*** Opening Entries shown ***

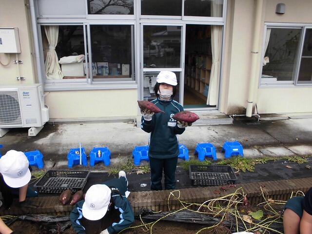 2024年11月15日 12時08分2年生が栽培してきた「さつまいも」を今日収穫しました。長いつるを取り払い、掘り進めると次々にサツマイモが出てきました。中には子どもの顔以上のさつまいもも出てきました。子どもたちは歓声をあげながら掘っていました。大収穫に子どもたちは大満足でした。
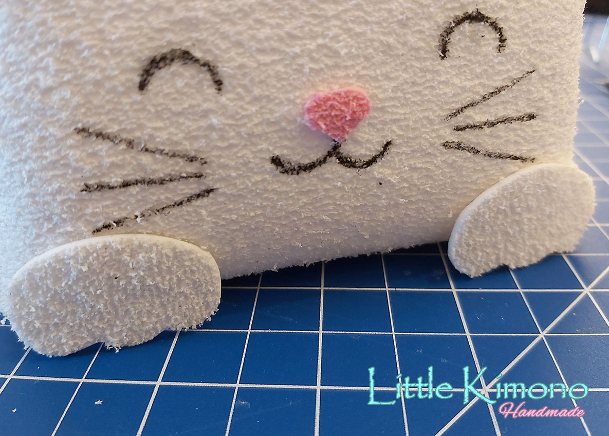 10. Unas patitas hechas con la goma EVA blanca y la colita, para la que usé un pompom rosa… aunque creo que parece más una cola de conejito^^ jiji
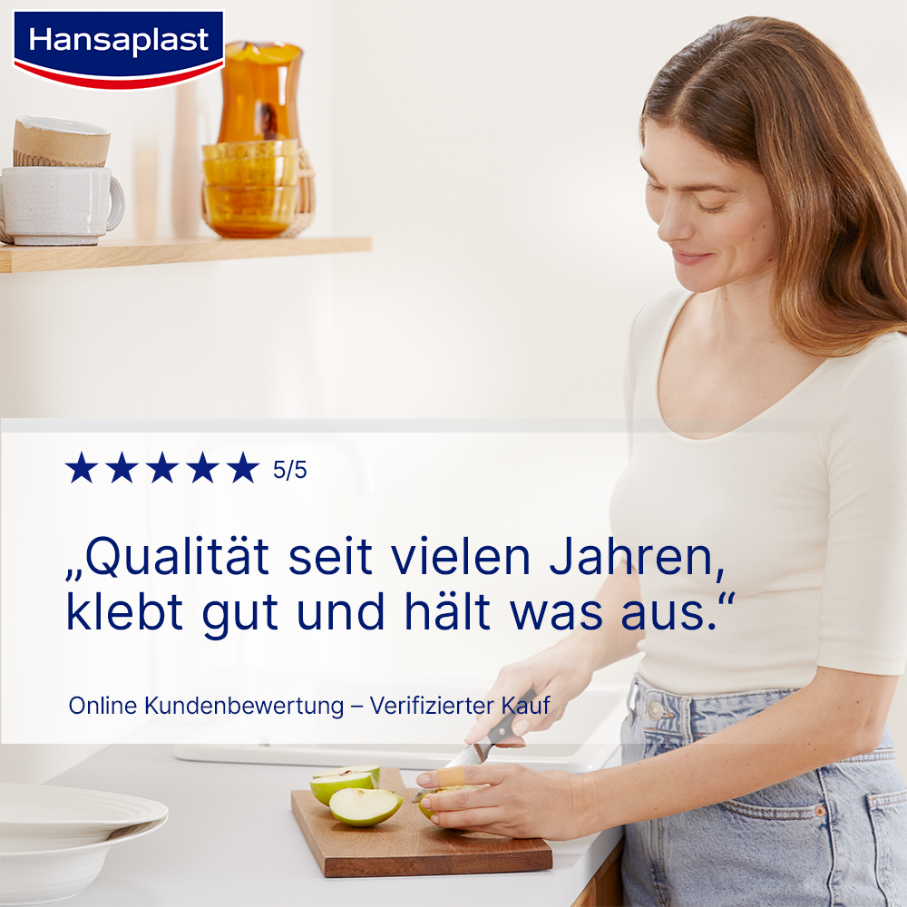Das Hansaplast Classic Pflaster erhalten Sie als praktische Meterware – so können Sie sich die benötigte Größe einfach mit einer Schere individuell zuschneiden.
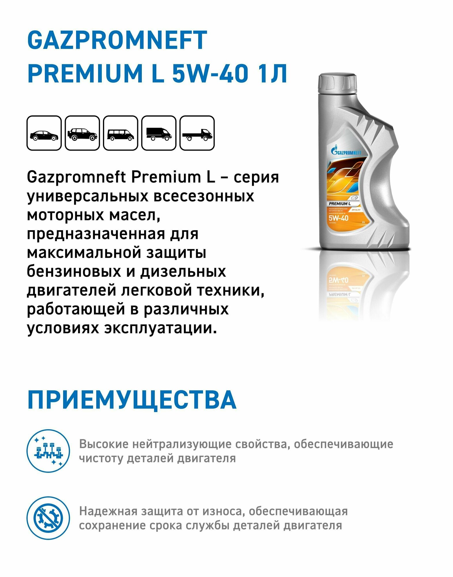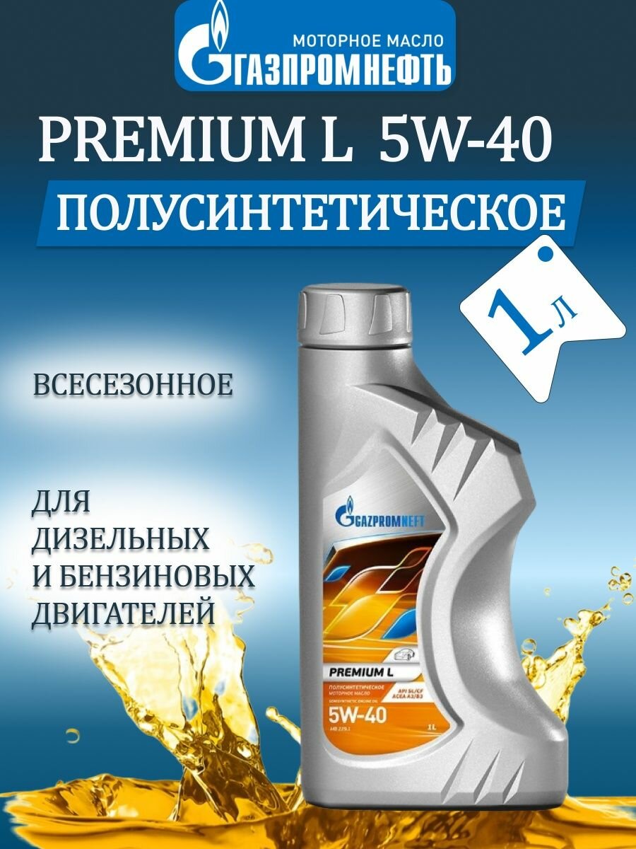 Моторное масло GAZPROMNEFT Premium L, 5W-40, 1л, полусинтетическое [2389900119]
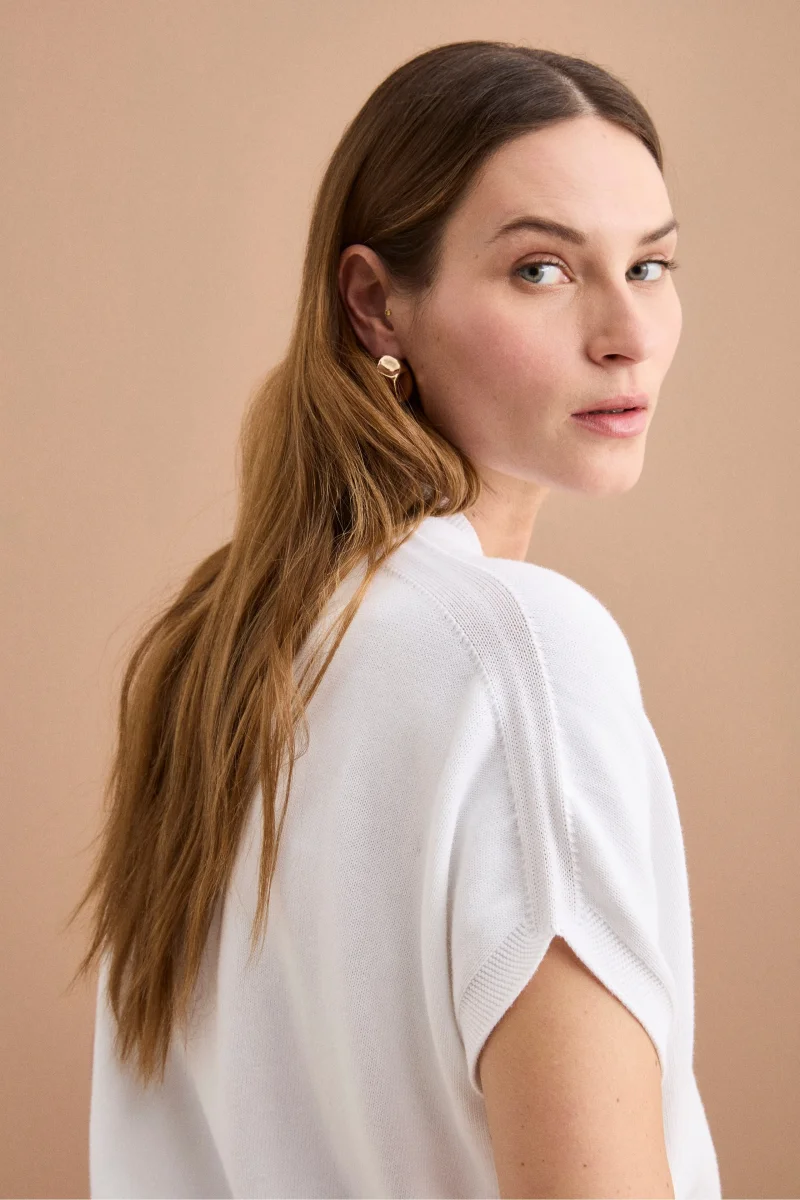 Cardigan kimono in cotone da donna, un capo versatile dal design contemporaneo, ideale per completare look casual chic con leggerezza e stile. Realizzato in 100% cotone, presenta vestibilitร over e linea crop che valorizza le proporzioni, mentre la mezza manica a kimono dona morbidezza alla spalla e unโallure rilassata. Lo scollo a V con chiusura frontale a bottoni definisce unโestetica essenziale, completata dai bordi a costine e dagli spacchetti laterali che aggiungono comfort e movimento. Parte della collezione Il Lanificio e interamente Made in Italy, si abbina perfettamente a pantaloni a vita alta o denim straight per un look quotidiano raffinato, oppure sopra abiti e top leggeri per uno stile femminile e contemporaneo. La modella รจ alta 178 cm e indossa la taglia 42.
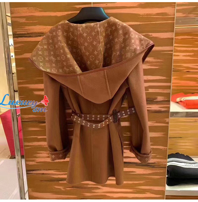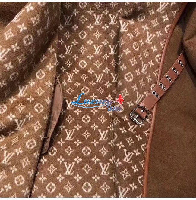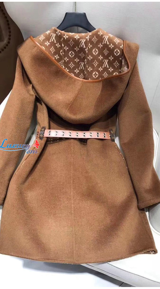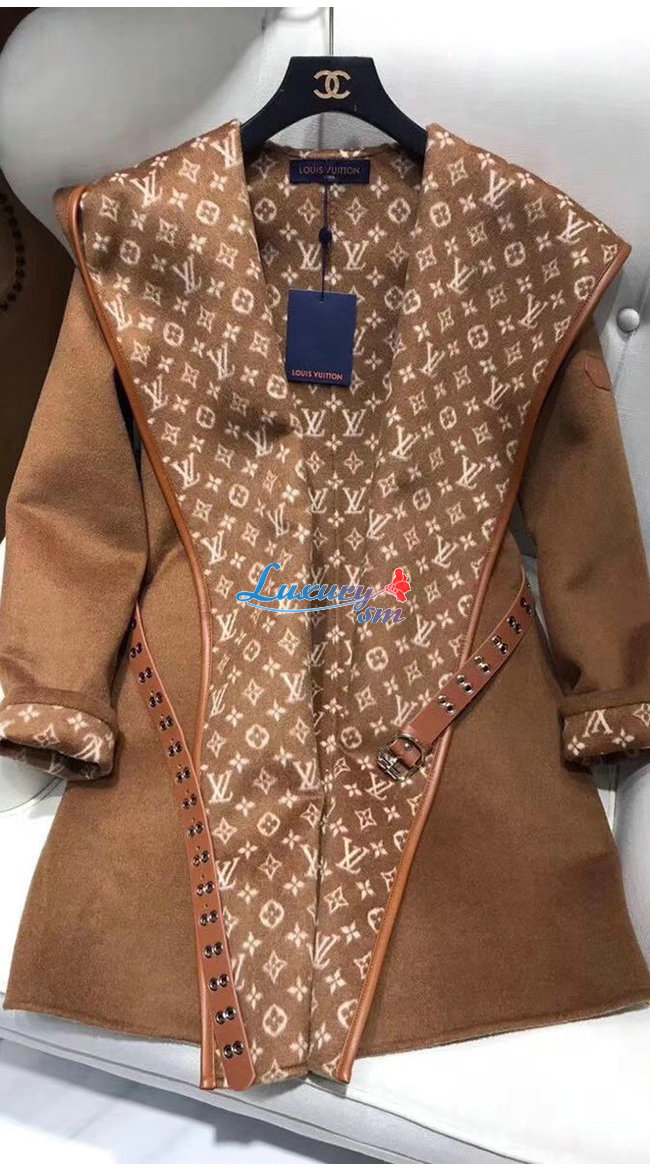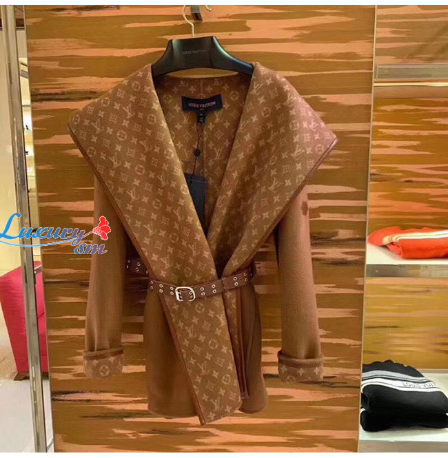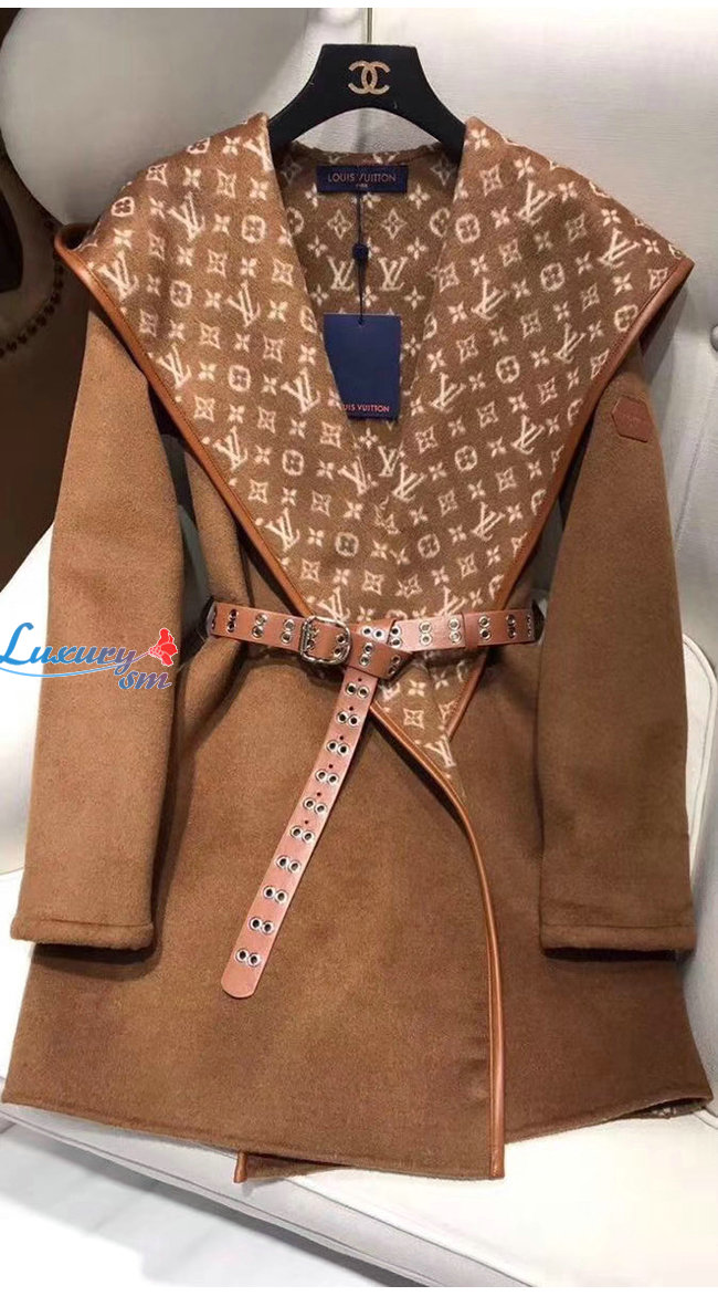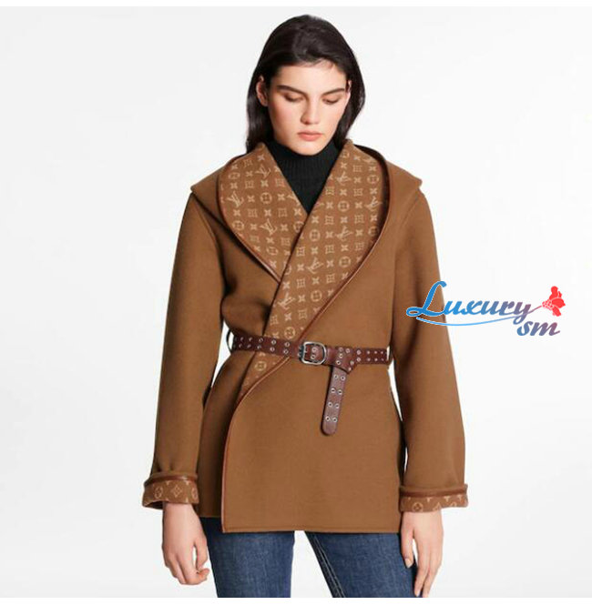 LOUIS VUITTON-1A825Z 루이비통 브라운 울 실크 위드 모노그램 디테일 랩 피코트

*** Closing Entries shown ***

Work to be completed:
I'd like the lines above repeated exactly, from the one that contains "10. Unas patitas" through the one that contains "Моторное масло GAZPROMNEFT", with no pictures.

Expected output:
 10. Unas patitas hechas con la goma EVA blanca y la colita, para la que usé un pompom rosa… aunque creo que parece más una cola de conejito^^ jiji
Das Hansaplast Classic Pflaster erhalten Sie als praktische Meterware – so können Sie sich die benötigte Größe einfach mit einer Schere individuell zuschneiden.
 Моторное масло GAZPROMNEFT Premium L, 5W-40, 1л, полусинтетическое [2389900119]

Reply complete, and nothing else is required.